Shannon's Lossless Source Coding theorem states that the expected length of any code is lower bounded by the entropy of the probability distribution over the symbols for that code:
$$ H\left(X\right) \leq \mathbb{E}_{P_{X}}\left(l \circ f\right) $$
where $\circ$ denotes the function composition operation, and $l$ is the length of the codeword assigned by the encoding function $f$.
So any code you choose for your sequences of coin tosses should have its expected length greater than the entropy.
For a sequence of equally probable independent coin tosses, there is only one code we can choose (up to a permutation): encode H as 0 and T as 1. That is, we must use $n$ bits to encode the coin tosses. Since there is only a single encoding, it is optimal.

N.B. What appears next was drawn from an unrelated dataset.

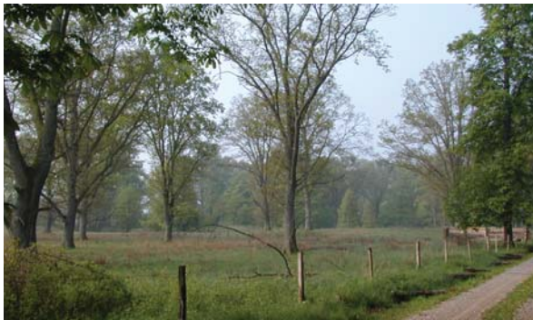
Pibervang i Gribskov, hvor heste fra Frederiksborgs stutteri engang gik og græssede.

For a sequence of coin tosses, where a coin biased in favour of heads is used, then we could also encode H as 0 and T as 1 - but we would be wasting space as we know that sequences containing heads are more likely. We could save space by assigning more probable sequences (HHHHHHHTTT for example) shorter codewords. One such encoding strategy is Huffman Coding.
An optimal encoding, would be one where $\mathbb{E}_{P_{X}}\left(l \circ f\right)$ met $H\left(X\right)$ with equality - in your example where only 4.7 bits of space was needed to encode all 0/1 sequences of length 10.
Shannon's theorem says, we can't possibly do better than the entropy (with zero error), but we can do a lot worse. In the biased coin case, mapping H to 0 and T to 1 wasted 5.3 bits!